**REQUIREMENT:** For the copy, please give all of the data again exactly and leave the pictures out.

**INFORMATION PROVIDED:**
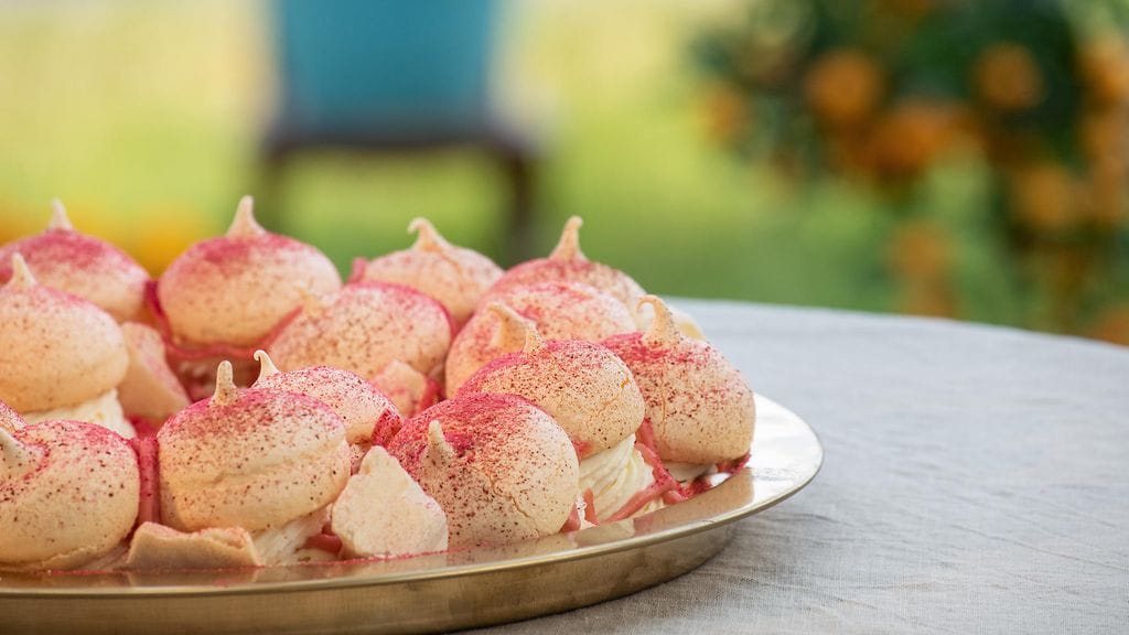 PAVLOVASUUKOT: Laita uuni kuumenemaan 100 asteeseen. Erottele keltuaiset valkuaisista apukuppia käyttäen ja lisää valkuaiset yleiskoneen kulhoon (jätä keltuaiset odottamaan). Vatkaa valkuaiset kovaksi vaahdoksi. Lisää kovaan vaahtoon sokeri vähitellen koko ajan vatkaten. Sekoita lopuksi joukkoon etikka, maissitärkkelys ja suola. Vatkaa, kunnes sokeri on sulanut (kokeile sormien välissä). Pursota pyöreän tyllan avulla 20 suukkoa. Levitä loppu marenki pellille. Ripottele pinnalle vadelmajauhetta ja paista 100 astetta 1,5 tuntia.
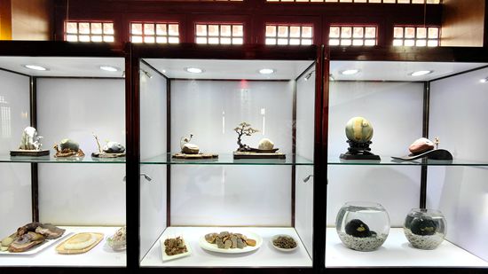 房县庐陵王酒庄奇石书法艺术中心收藏的主要有釉光青、阿拉善奇石、汉江卷纹石、汉江红石、新疆玛瑙、神农架夹心玛瑙等多个品种。
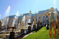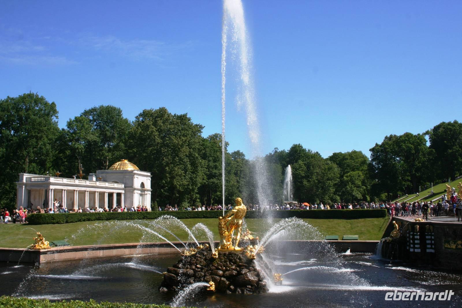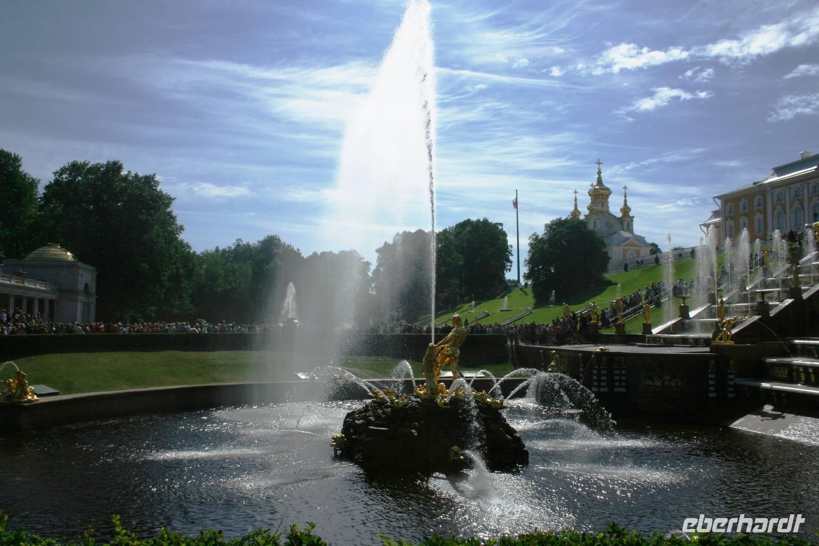 Der heutige Tag begrüßte uns mit strahlend blauem Himmel und Sonnenschein, richtiges Zarenwetter. Unser heutiges Ziel war Peterhof mit seinem wunderschönen Park und der Palastanlage am Finnischen Meerbusen. Wir nahmen den Weg mit dem Bus und fuhren über den Moskauer Prospekt. Die ca. 1stündige Fahrt wurde nicht langweilig. Es gab wieder viel zu schauen und Igor erzählte Interessantes und Wissenwertes. Rechtzeitig trafen wir in Peterhof ein und suchten uns ein schattiges Plätzchen, um die Eröffnung der Wasserspiele zu erleben. Mit Paukenschlägen und klassischer Musik untermalt, beginnen pünktlich 11 Uhr die Fontänen der Großen Kaskade zu sprudeln. Anschließend besichtigten wir den Großen Palast, natürlich mit dem passenden Schuhwerk. Unser Reiseleiter Igor begleitete uns mit seinem Fachwissen durch die Prunksäle des Palastes: den blauen Empfangsraum, den Tanzsaal, den Thronsaal, den Weißen Speisesaal, die Chinakabinette, den Kronraum und das Diwanzimmer. Die Zaren hatten die besten Baumeister ihrer Zeit beauftragt und wahrlich einzigartige Räume entstehen lassen. Der Prunk und die Atmosphäre der einzelnen Räume beeindruckten uns sehr.
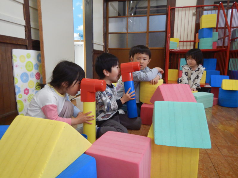 【3才児・さくらんぼ組】ホールのソフト積み木を並べて海賊船🌊 望遠鏡からは何が見えたかな?👀✨
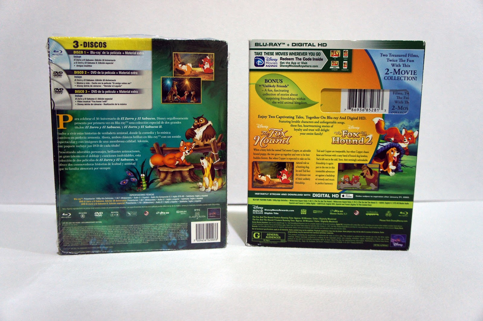 Galería de fotos del blu-ray de la película El Zorro y El Sabueso, son tres diferentes presentaciones, una importada editada en enero de 2017 y dos ediciones nacionales, una presentación que incluye tres discos y la otra uno, todas las presentaciones incluyen la secuela.
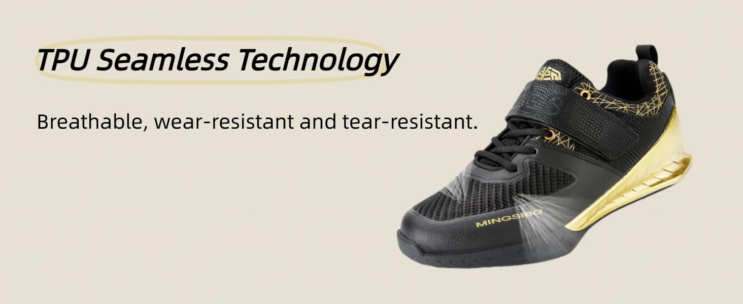 【Stable Base with Enhanced Support】: The widened, elevated, and reinforced heel enhances stability for exercises like squats, deadlifts, and snatches. Supports better balance between your heel and the ground, improving overall performance.
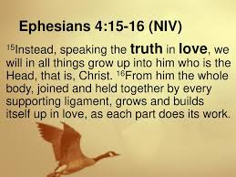 ‘Dan zullen we, door ons aan de waarheid te houden – de waarheid van het Evangelie! – en elkaar lief te hebben – dat hoort er onlosmakelijk bij! -, samen (!) volledig toegroeien naar Hem die het hoofd is: Christus. Vanuit dat Hoofd krijgt het Lichaam samenhang, en wordt het ondersteund en bijeengehouden door alle gewrichtsbanden. Ieder deel draagt bij tot de groei van dat Lichaam, dat zo Zichzelf opbouwt door de Liefde.’ (Uit Efeziërs 4 de verzen 15-16)
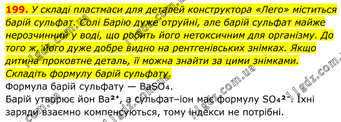 У складі пластмаси для деталей конструктора «Лего» міститься барій сульфат. Солі Барію дуже отруйні, але барій сульфат майже нерозчинний у воді, що робить його нетоксичним для організму. До того ж, його дуже добре видно на рентгенівських знімках. Якщо дитина проковтне деталь, її можна знайти за цими знімками. Складіть формулу барій сульфату. Формула барій сульфату — BaSO₄. Барій утворює йон Ba²⁺, а сульфат–іон має формулу SO₄²⁻. Їхні заряди взаємно компенсуються, тому індекси не потрібні.
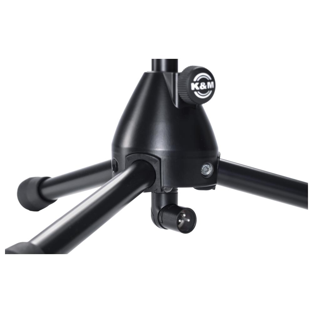 Professional stand with wired XLR connections and additional gooseneck. This premium stand allows the microphone to be connected directly to the stand without a microphone clamp or external cable. There is an angle plug 3-pin XLR connector at the lower end of the tube for cable connection. High-quality digital audio cables are built into both the microphone stand and the gooseneck. These are drawn in, soldered and tested by hand at the KLOTZ AIS factory in Germany. The powder-coated stand has a height of 1,165 mm and can be extended to 1,520 mm with the included gooseneck. The robust, short full metal feet with impact sound absorbing foot caps ensure an excellent, space-saving positioning and are simply folded away for transportation.

**REPLY:**
 PAVLOVASUUKOT: Laita uuni kuumenemaan 100 asteeseen. Erottele keltuaiset valkuaisista apukuppia käyttäen ja lisää valkuaiset yleiskoneen kulhoon (jätä keltuaiset odottamaan). Vatkaa valkuaiset kovaksi vaahdoksi. Lisää kovaan vaahtoon sokeri vähitellen koko ajan vatkaten. Sekoita lopuksi joukkoon etikka, maissitärkkelys ja suola. Vatkaa, kunnes sokeri on sulanut (kokeile sormien välissä). Pursota pyöreän tyllan avulla 20 suukkoa. Levitä loppu marenki pellille. Ripottele pinnalle vadelmajauhetta ja paista 100 astetta 1,5 tuntia.
 房县庐陵王酒庄奇石书法艺术中心收藏的主要有釉光青、阿拉善奇石、汉江卷纹石、汉江红石、新疆玛瑙、神农架夹心玛瑙等多个品种。
 Der heutige Tag begrüßte uns mit strahlend blauem Himmel und Sonnenschein, richtiges Zarenwetter. Unser heutiges Ziel war Peterhof mit seinem wunderschönen Park und der Palastanlage am Finnischen Meerbusen. Wir nahmen den Weg mit dem Bus und fuhren über den Moskauer Prospekt. Die ca. 1stündige Fahrt wurde nicht langweilig. Es gab wieder viel zu schauen und Igor erzählte Interessantes und Wissenwertes. Rechtzeitig trafen wir in Peterhof ein und suchten uns ein schattiges Plätzchen, um die Eröffnung der Wasserspiele zu erleben. Mit Paukenschlägen und klassischer Musik untermalt, beginnen pünktlich 11 Uhr die Fontänen der Großen Kaskade zu sprudeln. Anschließend besichtigten wir den Großen Palast, natürlich mit dem passenden Schuhwerk. Unser Reiseleiter Igor begleitete uns mit seinem Fachwissen durch die Prunksäle des Palastes: den blauen Empfangsraum, den Tanzsaal, den Thronsaal, den Weißen Speisesaal, die Chinakabinette, den Kronraum und das Diwanzimmer. Die Zaren hatten die besten Baumeister ihrer Zeit beauftragt und wahrlich einzigartige Räume entstehen lassen. Der Prunk und die Atmosphäre der einzelnen Räume beeindruckten uns sehr.
 【3才児・さくらんぼ組】ホールのソフト積み木を並べて海賊船🌊 望遠鏡からは何が見えたかな?👀✨
 Galería de fotos del blu-ray de la película El Zorro y El Sabueso, son tres diferentes presentaciones, una importada editada en enero de 2017 y dos ediciones nacionales, una presentación que incluye tres discos y la otra uno, todas las presentaciones incluyen la secuela.
 【Stable Base with Enhanced Support】: The widened, elevated, and reinforced heel enhances stability for exercises like squats, deadlifts, and snatches. Supports better balance between your heel and the ground, improving overall performance.
 ‘Dan zullen we, door ons aan de waarheid te houden – de waarheid van het Evangelie! – en elkaar lief te hebben – dat hoort er onlosmakelijk bij! -, samen (!) volledig toegroeien naar Hem die het hoofd is: Christus. Vanuit dat Hoofd krijgt het Lichaam samenhang, en wordt het ondersteund en bijeengehouden door alle gewrichtsbanden. Ieder deel draagt bij tot de groei van dat Lichaam, dat zo Zichzelf opbouwt door de Liefde.’ (Uit Efeziërs 4 de verzen 15-16)
 У складі пластмаси для деталей конструктора «Лего» міститься барій сульфат. Солі Барію дуже отруйні, але барій сульфат майже нерозчинний у воді, що робить його нетоксичним для організму. До того ж, його дуже добре видно на рентгенівських знімках. Якщо дитина проковтне деталь, її можна знайти за цими знімками. Складіть формулу барій сульфату. Формула барій сульфату — BaSO₄. Барій утворює йон Ba²⁺, а сульфат–іон має формулу SO₄²⁻. Їхні заряди взаємно компенсуються, тому індекси не потрібні.
 Professional stand with wired XLR connections and additional gooseneck. This premium stand allows the microphone to be connected directly to the stand without a microphone clamp or external cable. There is an angle plug 3-pin XLR connector at the lower end of the tube for cable connection. High-quality digital audio cables are built into both the microphone stand and the gooseneck. These are drawn in, soldered and tested by hand at the KLOTZ AIS factory in Germany. The powder-coated stand has a height of 1,165 mm and can be extended to 1,520 mm with the included gooseneck. The robust, short full metal feet with impact sound absorbing foot caps ensure an excellent, space-saving positioning and are simply folded away for transportation.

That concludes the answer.